Collected material =>
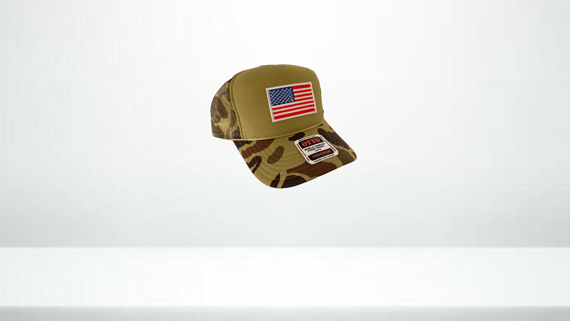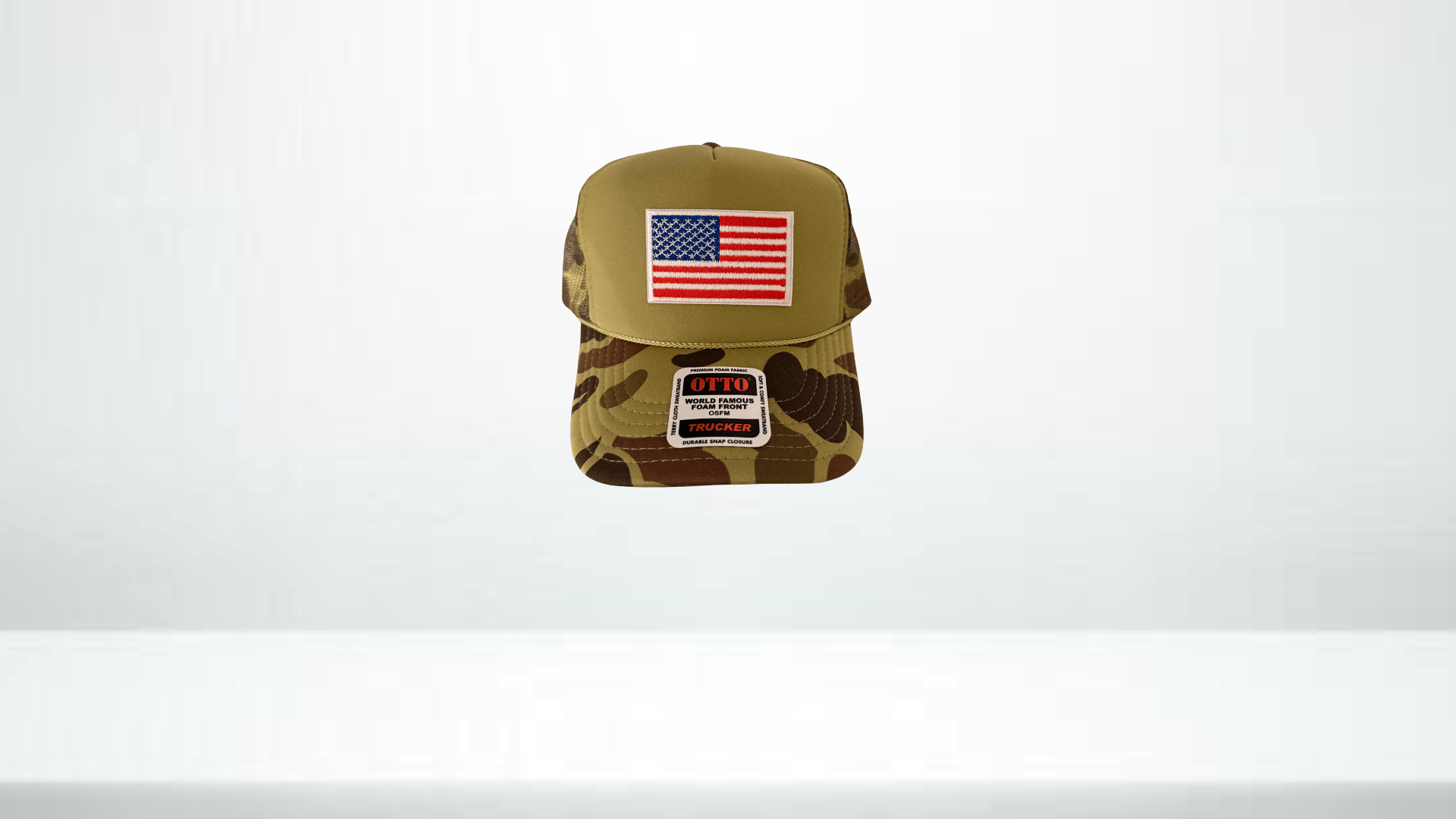 Rep the red, white, and blue wherever you go. This trucker hat features a bold American Flag patch on a premium foam front with breathable mesh back. With 22 hat colors to choose from and an adjustable snapback fit, it’s a classic look built for everyday wear—on the course, at the cookout, or anywhere in between.
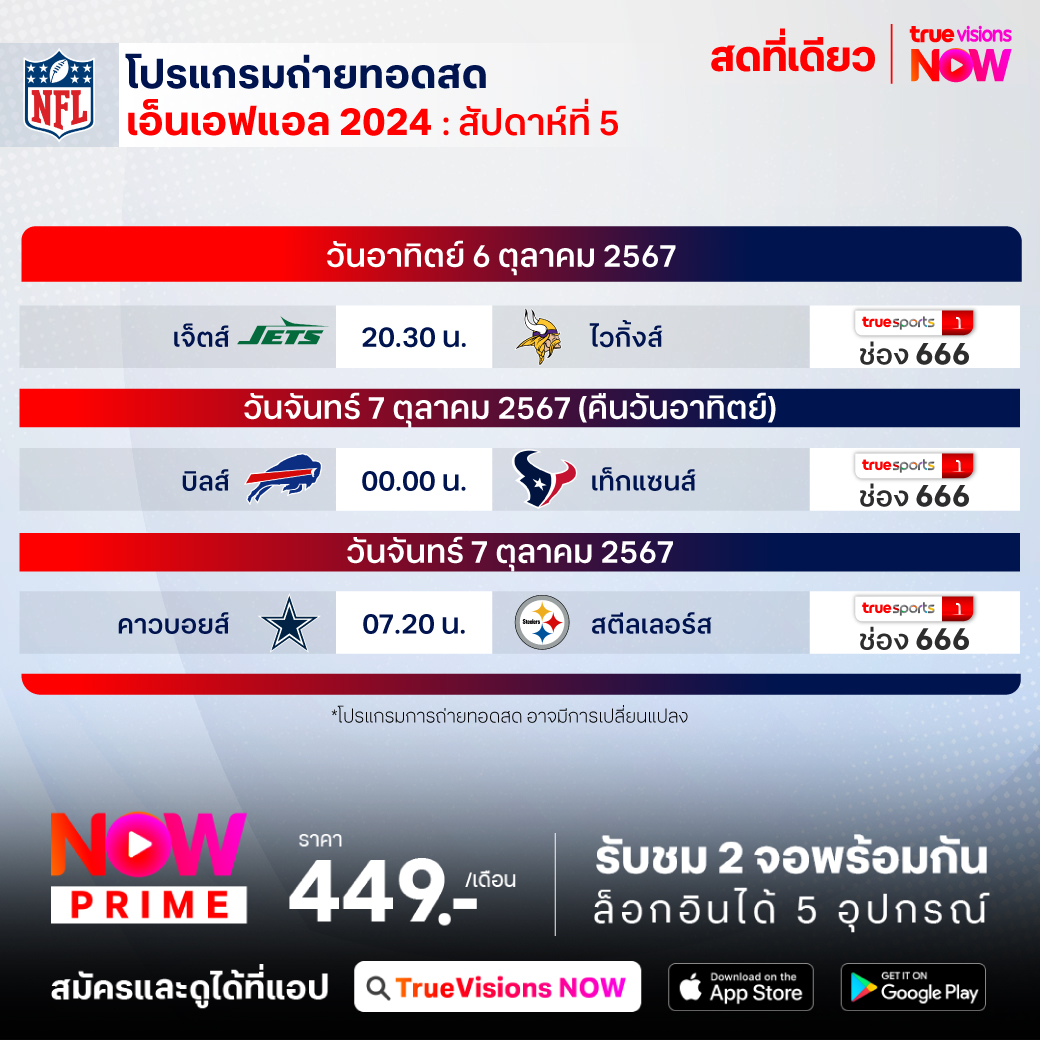 วันอาทิตย์ 6 ต.ค. Bills Vs Texans เวลา 00.00 ทางช่อง TS 1 (666)
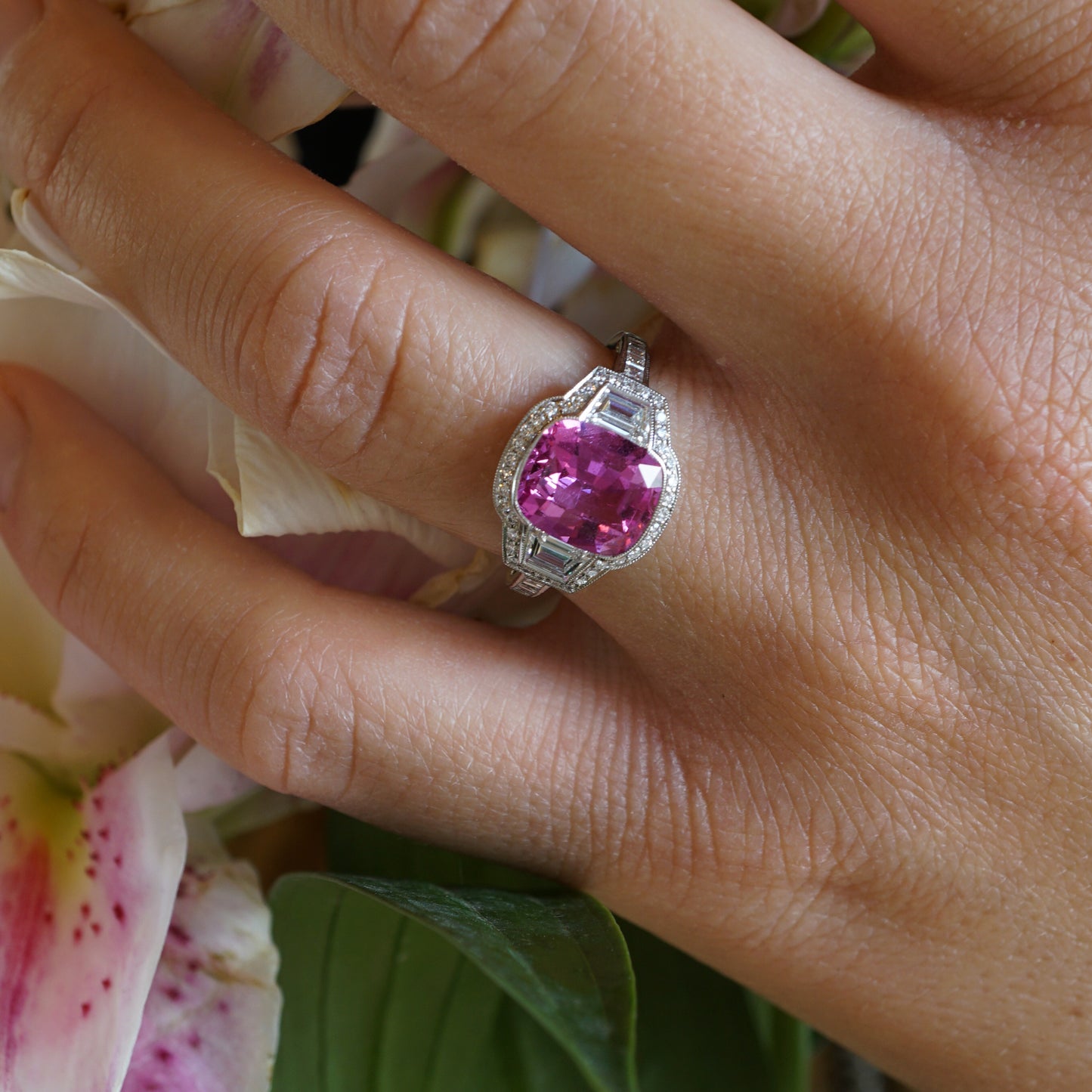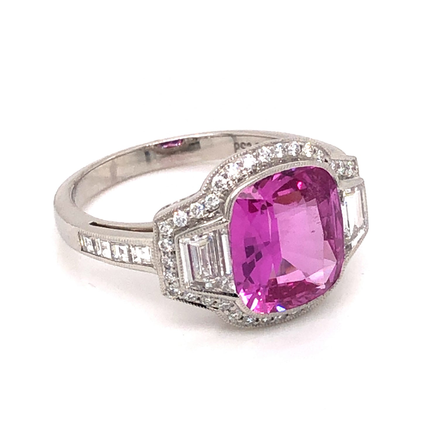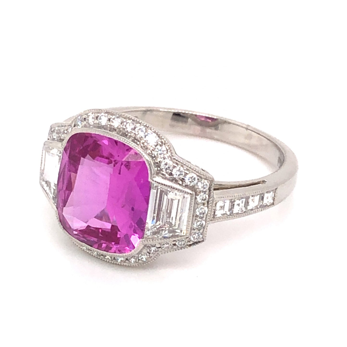 3.08 Pink Sapphire Diamond Engagement Ring in Platinum. This dazzling modern engagement ring features a 3.08 carat pink sapphire and .92 carats of diamonds finished in platinum. The center sapphire has a rich, highly saturated magenta hue. The pink sapphire is cushion cut, a classic cut that complements the size of the stone. The sapphire is flanked by two (2) .175 carat diamonds. The primary sapphire and diamonds are bezel set and accented by thirty-seven (37) .012 carat diamonds that wreath the center stones. On the shoulders of the band, eight (8) .015 carat diamonds are set in channels. From the profile, a modern filigree gallery supports the brilliant diamonds and pink sapphire. Finished on a polished platinum band, this ring has an elegant style and can be worn as an engagement ring or cocktail ring!

Exercise => Extract, word for word, each line from the top of the data down to and including the line with "วันอาทิตย์ 6 ต.ค."; skip the pictures.

Exercise answer =>
 Rep the red, white, and blue wherever you go. This trucker hat features a bold American Flag patch on a premium foam front with breathable mesh back. With 22 hat colors to choose from and an adjustable snapback fit, it’s a classic look built for everyday wear—on the course, at the cookout, or anywhere in between.
 วันอาทิตย์ 6 ต.ค. Bills Vs Texans เวลา 00.00 ทางช่อง TS 1 (666)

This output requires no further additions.